The Livingstone Museum, formerly the David Livingstone Memorial Museum and after that, the Rhodes-Livingstone Museum, is the largest and the oldest museum in Zambia, located in Livingstone near Victoria Falls. The museum has exhibits of artifacts related to local history and prehistory, including photographs and musical instruments, and also holds possessions and memorabilia - including letters and journals - of David Livingstone, the explorer and missionary.

==History==
The Livingstone Museum is the largest and the oldest museum in Zambia, established in 1934 as the David Livingstone Memorial Museum. In 1948, Captain A.W. Whittington offered to sell the two specimens of a fossilized human femur ("Rhodesian man") to the Rhodes-Livingstone Museum, but the museum could not afford to make the purchase. A new Spanish colonial-style building was launched in the year 1951. Jock Millar, former mayor of Livingstone, requested that Harry Susman donate a 'four-faced' tower clock to the museum, but before it was unveiled in the museum, Susman died.
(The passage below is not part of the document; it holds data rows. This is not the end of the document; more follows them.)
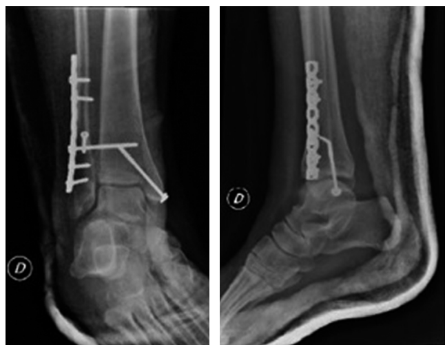
Figura 3: Par radiográfico de tobillo, proyecciones de mortaja y lateral postquirúrgicos.

Por otro lado, Marcin K Kolber y su equipo establecieron una clasificación de los pseudoaneurismas, también según su etiología, en postraumáticos a partir de esguinces o trauma directo, intraoperatorios como consecuencia de cirugía artroscópica o de Lisfranc y postquirúrgicos producidos por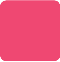
Abesbatza / Coro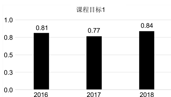
Figure 1. Achievement of the graduation design course objective 1 of the 2016~2018 class

安徽科技学院通过收集分析 2016~2018 级近 3 届学生(2016 级 94 人、2017 级 142 人、2018 级 105 人)的毕业设计数据作为样本,对当前毕业设计存在的一些问题,以及未来改进毕业设计的一些方向进行分析论述。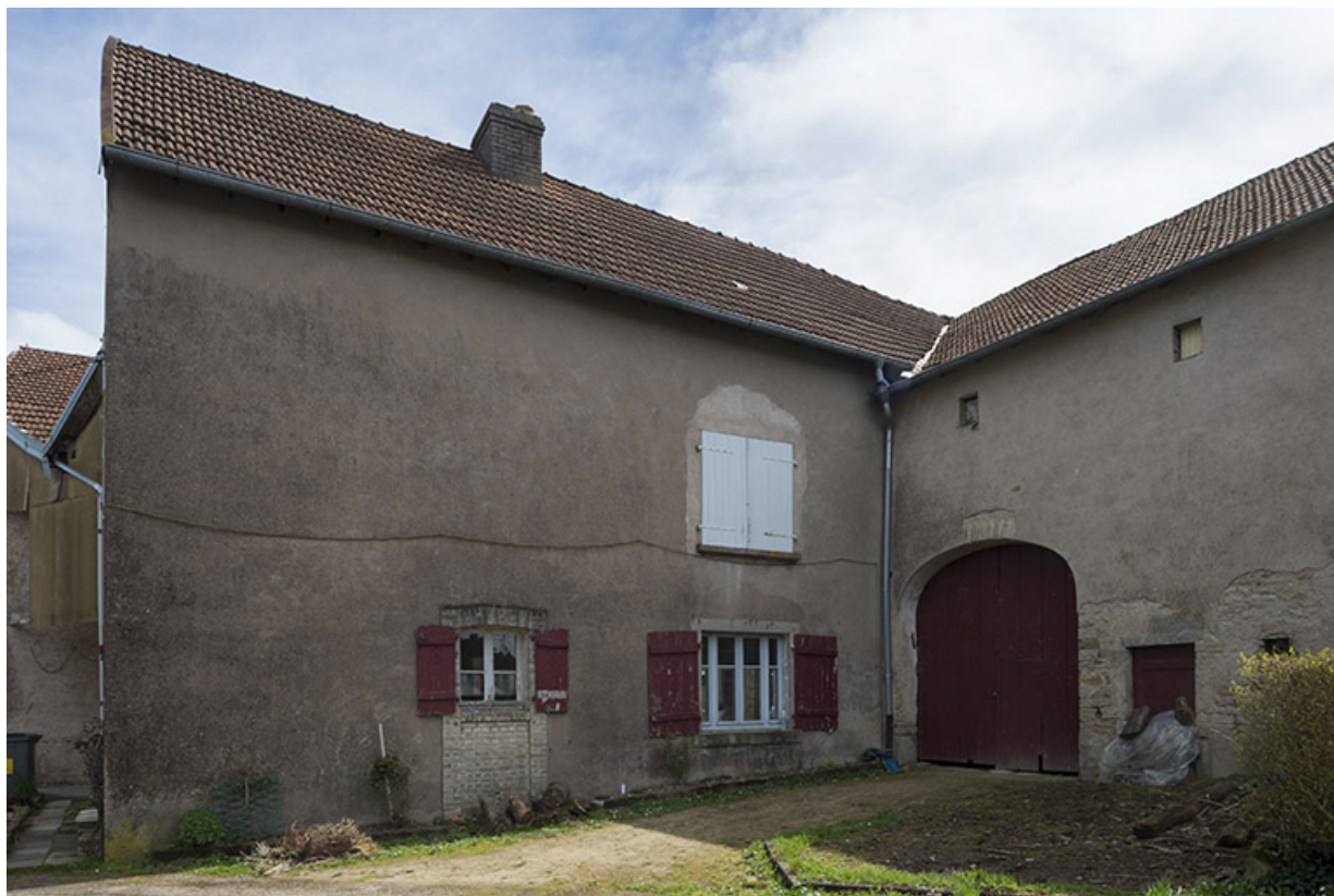
ferme, Port-d'Atelier. 70, Purgerot

In 1960 the museum recreated villages from five ethnic groups to give visitors a sense of traditional tribal life and to present the "way of life during the bronze and iron age." Following Independence in 1964, in 1966 the name of the museum was changed to The Livingstone Museum. In 2003 the buildings were renovated with funds from the European Union.

Over the years, the museum has been a trustee of numerous archaeological expeditions in Zambia. In 1956 the museum was a trustee, along with National Monuments Commission of Northern Rhodesia (a former name for Zambia) and the Wenner-Gren Foundation, of the excavation of the Kalambo Falls Prehistoric Site.

In 2005, a statue of David Livingstone was erected in front of the museum in memory like that of a statue of Emil Holub, a noted Czech doctor, explorer, cartographer, and ethnographer who made the first map of the Victoria Falls region.

==Geography==
The Livingstone Museum is located in the heart of the Livingstone town on the Mosi-o-Tunya Road. It is 10 km away from the Victoria Falls, on the Zambian side. Road access is from three directions. The 11 km drive from across the border near the town of Victoria Falls crosses over the famous Victoria Falls Bridge. The second approach is 60 km from Botswana involving crossing the border at Kazungula by ferry. Livingstone is 470 km from Lusaka, taking the southbound Kafue Road, crossing the Kafue River Bridge and taking a right turn towards Mazabuka.

==Layout==
The museum provides an important insight into the national and cultural heritage of Zambia. An open archaeological site is located next to the museum next to the falls which has unearthed items from the early Stone Age to the present, covering some 250,000 years. Experts from the museum, such as Dr. J. Desmond Clark, once director, have provided an important contribution to research in the country. The museum has also provided expertise and support to archaeological expeditions in neighboring South Africa,

The museum is laid out in five galleries namely, the Archaeology gallery, the Ethnographic gallery, the History gallery, the Art gallery and Livingstone gallery. They cover topics such as archaeology, ethnography, history and natural history, mammalogy, ornithology, herpetology, entomology, botany and ichthyology.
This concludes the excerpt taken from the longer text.